→ **TASK BRIEF**
From the data below, set down exactly the lines between the one holding "A young vedalken" and the one holding "Lot de 4 lampes", inclusive, and no others.

*** Opening INPUT DATA ***

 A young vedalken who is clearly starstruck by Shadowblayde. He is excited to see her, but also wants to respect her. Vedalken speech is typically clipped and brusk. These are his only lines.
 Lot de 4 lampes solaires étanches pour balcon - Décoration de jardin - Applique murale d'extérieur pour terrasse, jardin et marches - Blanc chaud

*** Closing INPUT DATA ***
*** Opening INPUT DATA ***

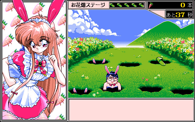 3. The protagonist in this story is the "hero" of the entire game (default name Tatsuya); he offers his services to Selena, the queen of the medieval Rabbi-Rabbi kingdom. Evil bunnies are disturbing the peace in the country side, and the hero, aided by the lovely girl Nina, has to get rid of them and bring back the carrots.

*** Closing INPUT DATA ***
*** Opening INPUT DATA ***

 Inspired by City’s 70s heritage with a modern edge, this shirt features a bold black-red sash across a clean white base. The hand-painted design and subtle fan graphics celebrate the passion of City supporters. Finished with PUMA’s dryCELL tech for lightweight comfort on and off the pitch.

*** Closing INPUT DATA ***

→ **ANSWER TO THIS TASK**
 A young vedalken who is clearly starstruck by Shadowblayde. He is excited to see her, but also wants to respect her. Vedalken speech is typically clipped and brusk. These are his only lines.
 Lot de 4 lampes solaires étanches pour balcon - Décoration de jardin - Applique murale d'extérieur pour terrasse, jardin et marches - Blanc chaud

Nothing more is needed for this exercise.